• [GIVEN DATA]
=-=-=-=-=
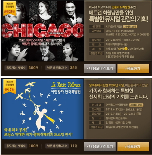 [스포츠토토] 국민체육진흥공단(www.kspo.or.kr)이 발행하는 체육진흥투표권 수탁사업자인 스포츠토토의 공식 온라인 발매 사이트 베트맨(www.betman.co.kr)이 쇼 뮤지컬의 정수 '시카고' 관람권을 제공하는 컬쳐라운지 공연 21탄 이벤트와 '어린왕자 한국특별전' 티켓을 제공하는 문화혜택 전시 7탄 이벤트가 스포츠토토 팬들로부터 뜨거운 호응을 얻고 있다.
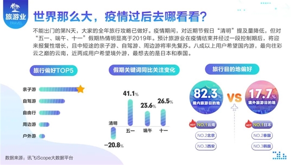 《報告》發現,疫情期間近期節假日關鍵詞“清明”的關注度同比下降20.8%,而“五一”、“端午”、“十一”等關鍵詞的關注度明顯提升,其中關鍵詞“五一”提及量同比增長41.1%!秷蟾妗奉A測,旅游業在疫情結束并經過一段控制期后,將迎來報復性增長。
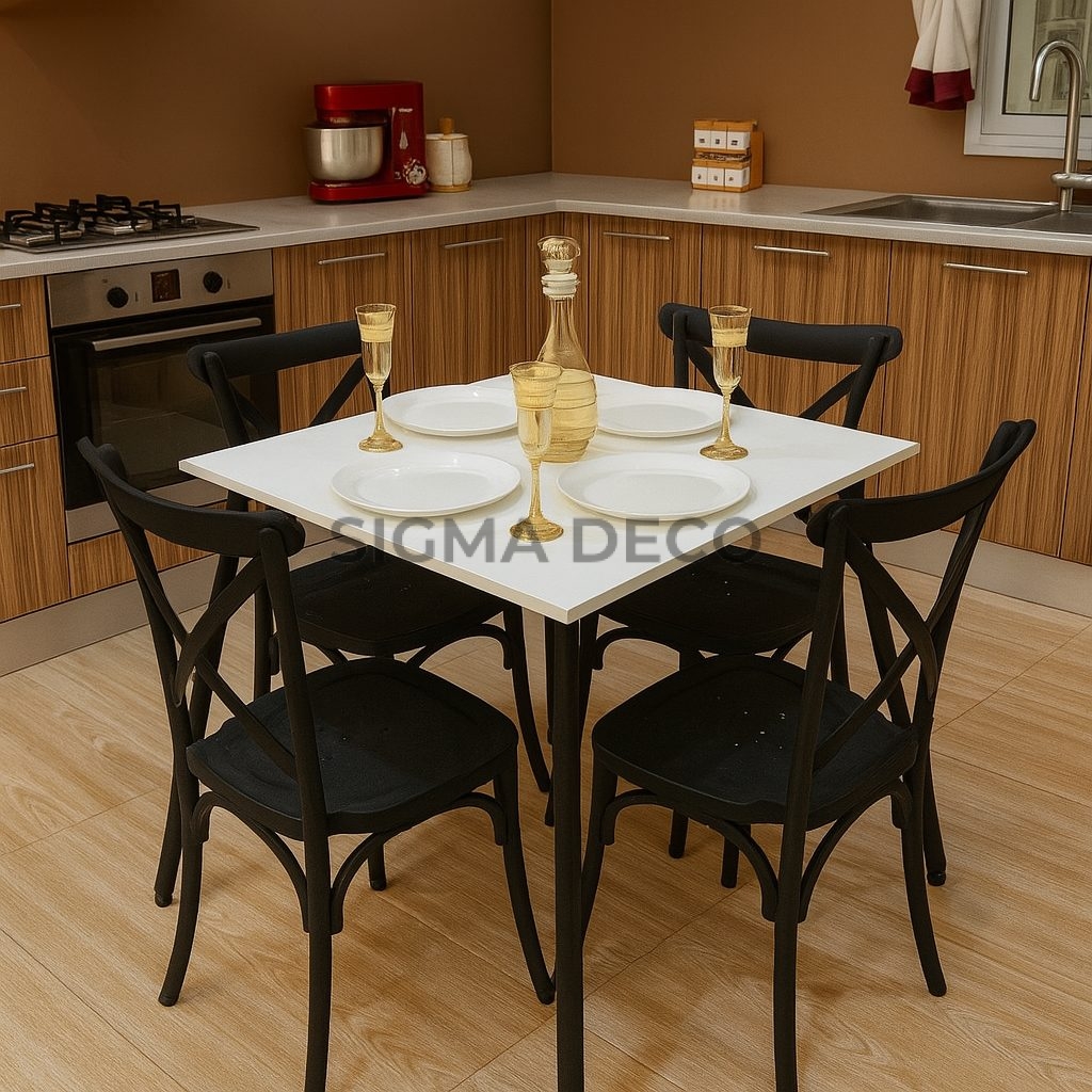 Ensemble Table Blanche et 4 Chaises Noires – Style Bicolore Moderne
=-=-=-=-=
• [EXERCISE DETAILS] All the lines above must be written out exactly, without a single picture.

• [ANSWER TO THIS EXERCISE]
 [스포츠토토] 국민체육진흥공단(www.kspo.or.kr)이 발행하는 체육진흥투표권 수탁사업자인 스포츠토토의 공식 온라인 발매 사이트 베트맨(www.betman.co.kr)이 쇼 뮤지컬의 정수 '시카고' 관람권을 제공하는 컬쳐라운지 공연 21탄 이벤트와 '어린왕자 한국특별전' 티켓을 제공하는 문화혜택 전시 7탄 이벤트가 스포츠토토 팬들로부터 뜨거운 호응을 얻고 있다.
 《報告》發現,疫情期間近期節假日關鍵詞“清明”的關注度同比下降20.8%,而“五一”、“端午”、“十一”等關鍵詞的關注度明顯提升,其中關鍵詞“五一”提及量同比增長41.1%!秷蟾妗奉A測,旅游業在疫情結束并經過一段控制期后,將迎來報復性增長。
 Ensemble Table Blanche et 4 Chaises Noires – Style Bicolore Moderne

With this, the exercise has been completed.